Enter your name and EID here
This homework is due on Feb. 3, 2020 at 12:00pm. Please submit as a PDF file on Canvas.
This homework uses the Cars93
data set. Each observation in the data frame contains information on passenger cars from 1993. This is a big data frame with 27 columns. We are interested in the information on manufacturer (Manufacturer
), car model (Model
), type of car (Type
), midrange price in $1000 (Price
), maximum horsepower (Horsepower
), drivetrain (DriveTrain
), and city MPG (miles per US gallon, MPG.city
).
Cars93 <- read.csv("http://wilkelab.org/classes/SDS348/data_sets/Cars93.csv")
head(Cars93)
## Manufacturer Model Type Min.Price Price Max.Price MPG.city
## 1 Acura Integra Small 12.9 15.9 18.8 25
## 2 Acura Legend Midsize 29.2 33.9 38.7 18
## 3 Audi 90 Compact 25.9 29.1 32.3 20
## 4 Audi 100 Midsize 30.8 37.7 44.6 19
## 5 BMW 535i Midsize 23.7 30.0 36.2 22
## 6 Buick Century Midsize 14.2 15.7 17.3 22
## MPG.highway AirBags DriveTrain Cylinders EngineSize
## 1 31 None Front 4 1.8
## 2 25 Driver & Passenger Front 6 3.2
## 3 26 Driver only Front 6 2.8
## 4 26 Driver & Passenger Front 6 2.8
## 5 30 Driver only Rear 4 3.5
## 6 31 Driver only Front 4 2.2
## Horsepower RPM Rev.per.mile Man.trans.avail Fuel.tank.capacity
## 1 140 6300 2890 Yes 13.2
## 2 200 5500 2335 Yes 18.0
## 3 172 5500 2280 Yes 16.9
## 4 172 5500 2535 Yes 21.1
## 5 208 5700 2545 Yes 21.1
## 6 110 5200 2565 No 16.4
## Passengers Length Wheelbase Width Turn.circle Rear.seat.room
## 1 5 177 102 68 37 26.5
## 2 5 195 115 71 38 30.0
## 3 5 180 102 67 37 28.0
## 4 6 193 106 70 37 31.0
## 5 4 186 109 69 39 27.0
## 6 6 189 105 69 41 28.0
## Luggage.room Weight Origin Make
## 1 11 2705 non-USA Acura Integra
## 2 15 3560 non-USA Acura Legend
## 3 14 3375 non-USA Audi 90
## 4 17 3405 non-USA Audi 100
## 5 13 3640 non-USA BMW 535i
## 6 16 2880 USA Buick Century
Problem 1: (3 pts) Use ggplot2 to create a scatter plot of maximum horse power versus car price.

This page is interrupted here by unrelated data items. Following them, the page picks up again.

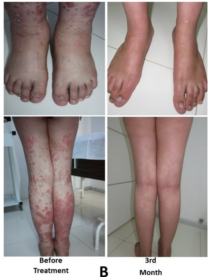
Figure 4 A,B: Before treatment and 3th month photos that possess 14-year-old female who had widespread plaque lesions characterized by widespread plaque lesions on the extremities and the body.
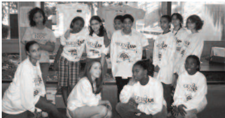
Albany CSD NYGEAR UP students visit SUNY Hudson Valley Community College.

Purpose: To educate students about the benefits of college, preparing for college, and the various fields of study they could pursue at either SUNY MVCC or other colleges. These fields included business, technology, medicine and health care, human services, and hospitality.
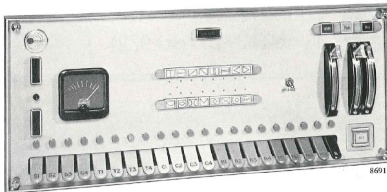
Typical presentation mixer.

In this type of control, each input circuit is selected by a 'tab' key, as shown in the illustration, which is similar to those used in organs. With this type of control, light pressure operates one contact and increased pressure overrides the first contact and operates a second contact. In this way, the first touch can be arranged to pre-select the next
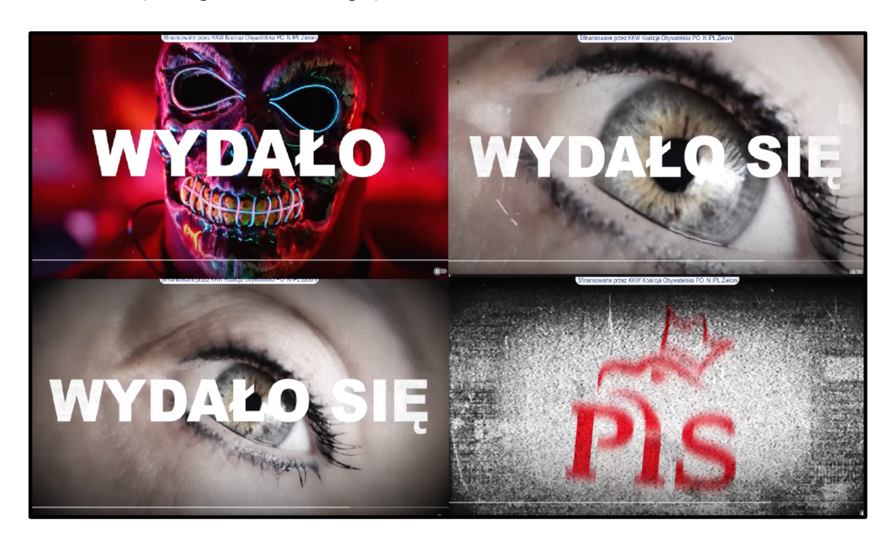
FIGURE 4. Showing PiS as hiding the truth about illegal migration

two functions: first, it shows the consequences of the Polish government's migration policy, portraying it as "diabolical" so to speak, as it allegedly resulted in putting Poles in grave danger; second, it is meant to associate Law and Justice with it, as two shots later the red PiS logo appears on the screen (see Figure 4, bottom right).

In the same plot, fit a curve to these data using geom_smooth()
. In 1-2 sentences, what broad trend do you observe in horsepower for different car prices? HINT: Plot maximum horse power on the y-axis and price on the x-axis.

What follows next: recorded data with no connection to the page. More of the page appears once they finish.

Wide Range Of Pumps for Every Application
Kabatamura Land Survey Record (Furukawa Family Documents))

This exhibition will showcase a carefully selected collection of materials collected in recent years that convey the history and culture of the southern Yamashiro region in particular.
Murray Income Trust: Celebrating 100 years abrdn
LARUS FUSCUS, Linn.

ggplot(Cars93, aes(x = Price, y = Horsepower)) +
geom_point() +
geom_smooth()
## `geom_smooth()` using method = 'loess' and formula 'y ~ x'
Horsepower generally increases with price until $40,000, and then appears to level off after. However, there are few data points for cars costing more than $40,000.
Problem 2: (3 pts) Next, create a scatter plot of horsepower against city MPG, facetted by type of drivetrain. In 1-2 sentences, make one observation about the data from this plot.

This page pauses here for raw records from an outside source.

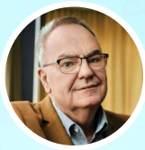
RI PRESIDENT 2023-24 Rtn. GORDON R MCLNALLY
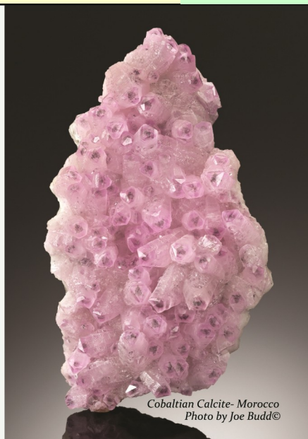
Cobaltian Calcite- Morocco

LLD Productions, Inc. in cooperation with Martin Zinn Expositions, L.L.C., P.O. Box 665, Bernalillo, NM 87004 Fax: (303) 223-3478, mzexpops@gmail.com , www.mzexpops.com Like us on facebook - facebook.com/mzexpops
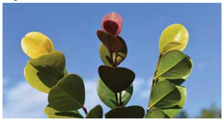
Figure 3. Left to right: New growths of 'Horizontal,' 'Red Tip,' and 'Green Tip' cultivars.

'Red Tip' is a cultivar of the inland form of cocoplum. The color of the new leaf growth is burgundy-red, becoming yellowish-green and then dark-green. The mature fruit color is usually purple. This cultivar has become the dominant cocoplum hedge of south Florida. There is also reference to a 'Green Tip' cultivar. This may simply be a way of describing plants of the inland ecotype without the burgundy-red new growth. They have light-green new leaves that become dark-green. Mature fruit color is predominantly white and often blushed with pink. Both cultivars are capable of growing up to 25 feet or more in height.
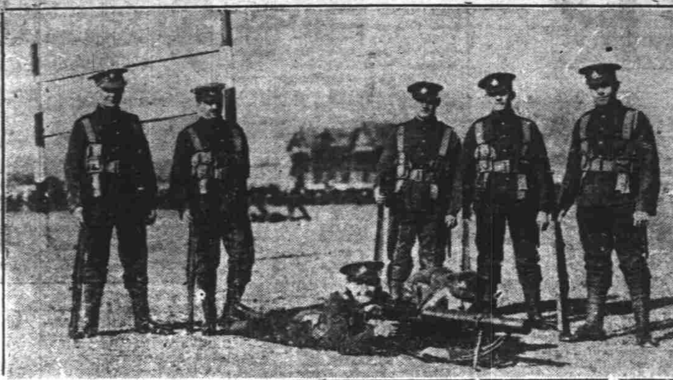
Photo-shows British marines' machine gun company in drill on the Shanghai, China, race course, which they took over and converted into a training camp.

the majority have enrolled in the new school of business thought which teaches that pleasant surroundings have a stimulating effect on workers in general.
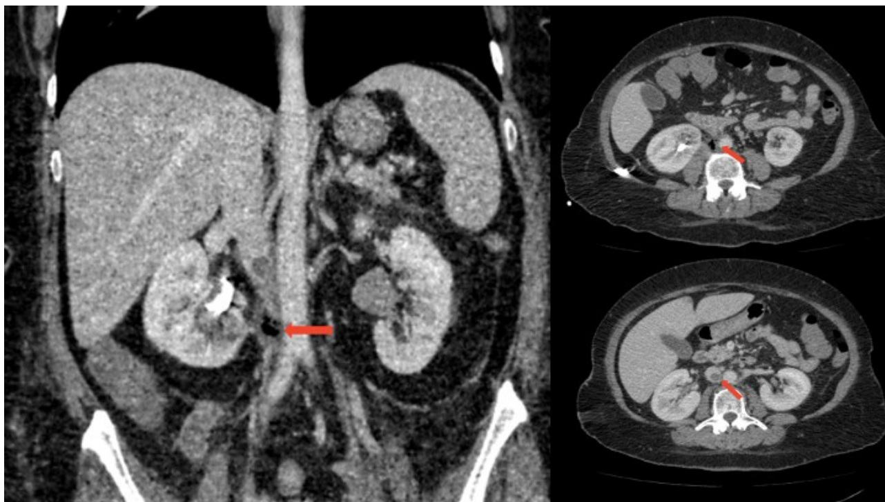
Figure 1 CECT of the abdomen show a fistula between horizontal part of duodenum and IVC. Thrombosis of the inferior vena cava (IVC) and a gas bubble in its lumen can also be observed.
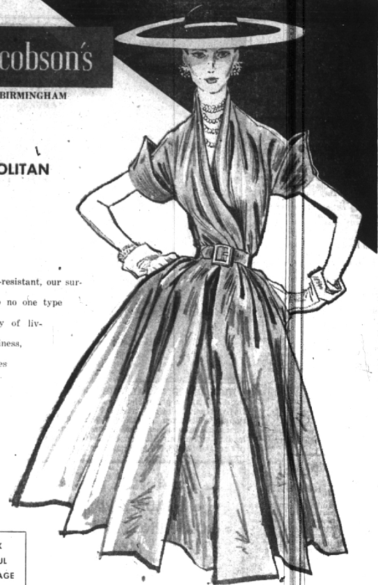
DRESS SALON — STREET LEVEL

Splendidly draped and wrinkle-resistant, our surplus-front dress is limited to no one type of personality, figure or way of living. All softness and comeliness, yet chic and urban . . . it goes everywhere from luncheon in town, to club, to afternoon tea and on. Beige, grey or navy. Sizes 10 to 18. 29.95
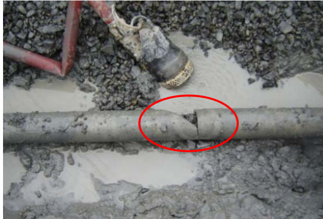
Figure 9.4 Water pipeline break, Christchurch earthquake, Christchurch, New Zealand, 2011

ggplot(Cars93, aes(x = Horsepower, y = MPG.city)) +
geom_point() +
facet_wrap(~DriveTrain)
Observations:
City MPG and horsepower are negatively correlated (i.e., as city MPG goes up, horsepower goes down)
Cars that are rear-wheel drive have the lowest MPG city.
Front-wheel drive cars have the highest MPG city.
All three types of drivetrains have similar ranges of maximum horsepower (100-300HP).
Problem 3: (2 pts) Plot the distribution of car price, once using geom_histogram()
and once using geom_density()
.
ggplot(Cars93, aes(x = Price)) +
geom_histogram()
## `stat_bin()` using `bins = 30`. Pick better value with `binwidth`.
ggplot(Cars93, aes(x = Price)) +
geom_density()
Problem 4: (2 pts) What does the y-axis in your histogram represent? In your density plot, what is the total area under the curve? Please give a single number as your answer. HINT: You do not need to do any additional calculations to determine the area under the curve. Use Google to find the answer.
The y-axis in a histogram represents counts in a given range of x-values (bins). The area under the curve of a density plot always sums to 1.